GMYC analyses were conducted independently on the complete cox1 and PEPCK data sets. Ultrametric gene trees were reconstructed under a relaxed molecular clock (uncorrelated lognormal) model using BEAST v. 1.4.8 [59] at the Centre for High-Performance Computing of the Swiss Institute of Bioinformatics ( Identical haplotypes (cox1) and genotypes (PEPCK) were first removed using Collapse as in section 2.3, resulting in matrices of 312 cox1 haplotypes and 390 PEPCK genotypes (Table 2). The BEAST input files were generated using BEAUti v. 1.4.8 [59]. The evolutionary models and partitioning schemes as determined using the reduced data set (see section 2.3) were used, with the exception of the JC69 model for PEPCK, which is not implemented in BEAUti. In this case, we selected the best-fit model of evolution among those available in BEAUti following the AICc, which was the HKY+Γ model. The PEPCK partitioning scheme was then implemented by manually altering the input file. For both data sets, the mean substitution rate was set to one, the base frequencies were estimated from the data, and six gamma categories as well as a UPGMA starting tree were used. The substitution model, the rate heterogeneity and the base frequencies were unlinked across partitions. A coalescent (constant size) prior was preferred because a single coalescent cluster constitutes the GMYC null model (see [19]). All other parameters were set to default.

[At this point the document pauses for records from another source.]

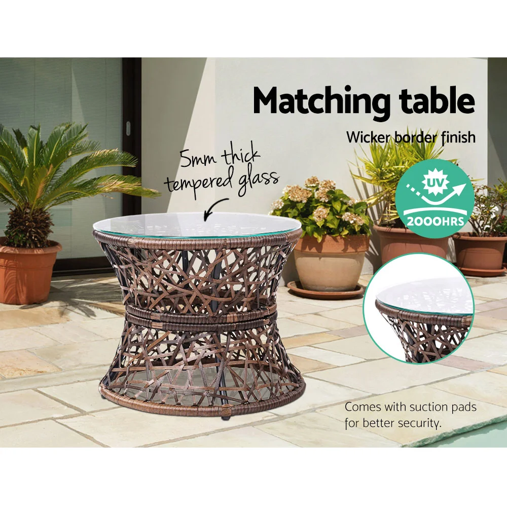 Experience ultimate relaxation with the Gardeon Outdoor Lounge Setting. This set includes two rotund Papasan chairs, each with a plush 10cm padded cushion, and a matching side table. Crafted from UV-resistant PE wicker and a sturdy steel frame, the chairs offer 360-degree rotation for versatile seating. The set is perfect for indoor or outdoor use and features easy-to-clean removable covers. The side table boasts a 5mm tempered glass top, enhancing its elegant appeal.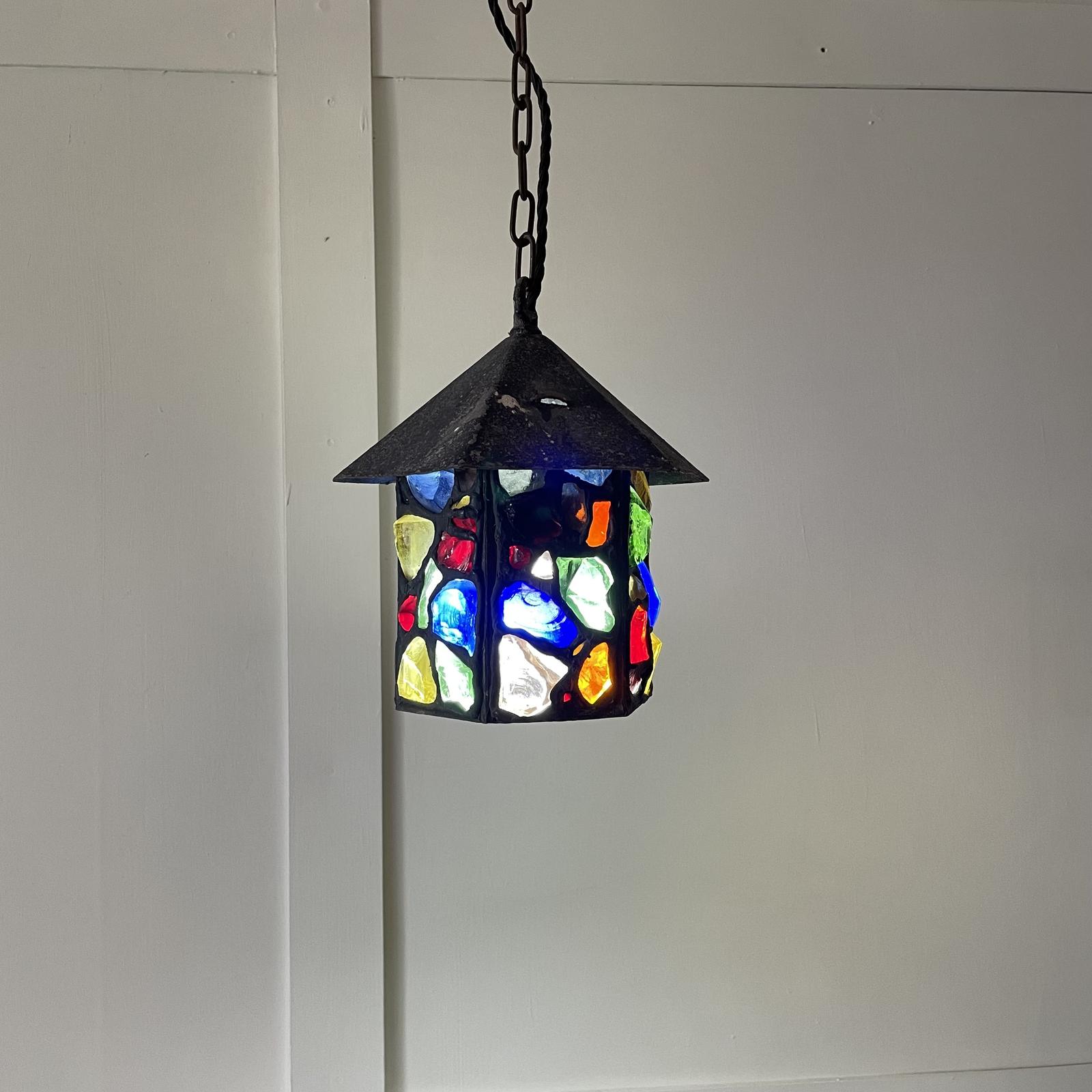 1950's Rock Glass Porch Lantern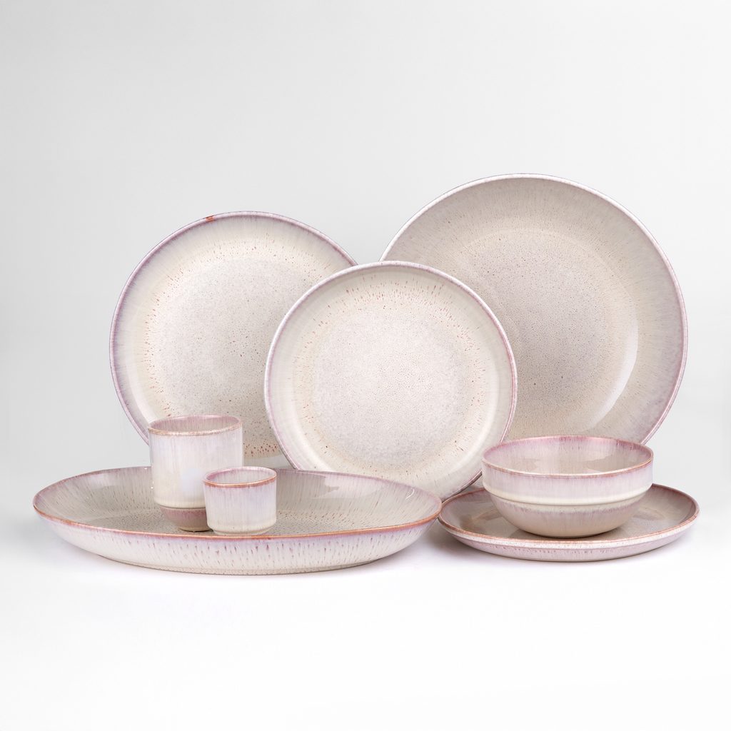 A Tavira csésze természetes zöld és bézs árnyalataival, valamint reaktív mázának apró pöttyös mintázatával minden darabot egyedivé tesz. A kézműves hatású felület meleg, organikus karaktert kölcsönöz, így a reggeli tea vagy délutáni kávé még hangulatosabb élménnyé válik. A Tavira kollekció — tányérok, tálak, bögrék és szervírozóelemek széles választéka, mind egymásra rakható kivitelben — kiváló minőségű kőedényből készül, mikróba és mosogatógépbe is alkalmas. A sorozat zöld és rózsaszín színben érhető el.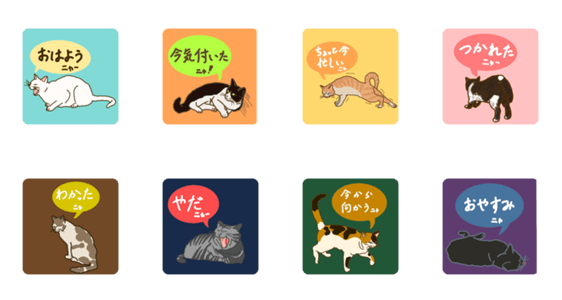 日頃スタンプ使わない人間が、撮りためたネコの写真をイラストに起こした、非常に使い勝手の良いスタンプです。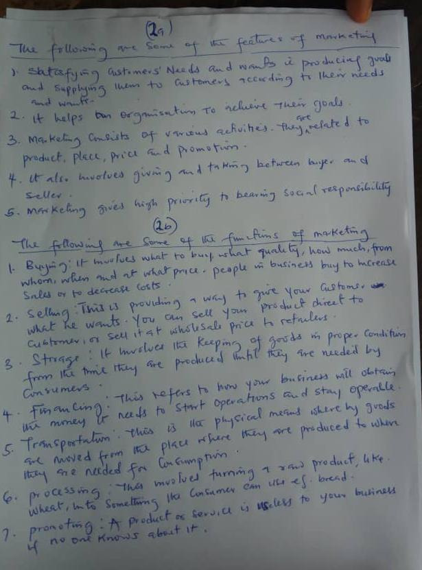 (2B)(i) Buying: It involves what to buy, what quality, how much, from whom, when and at what price. People in business buy to increase sales or decrease cost.

For both analyses, two independent MCMC chains were run for 50 million generations and sampled every 1,000 generations, resulting in 50,000 trees for each run. Run convergence was visually verified in Tracer as above. The first 5,000 trees were then discarded from each run and the independent log and tree files were combined using LogCombiner v. 1.4.8 [59], re-sampling one tree every 10 trees, resulting in 9,000 trees in the combined analyses of both data sets. All model parameters of the combined log files reached an estimated sample size (ESS)>200. The maximum clade credibility tree found using TreeAnnotator v. 1.4.8 [59] with all options set to default was used as input data for the GMYC model. Single and multiple-threshold GMYC models were optimized for each gene tree using the script available within the SPLITS package (available from for R.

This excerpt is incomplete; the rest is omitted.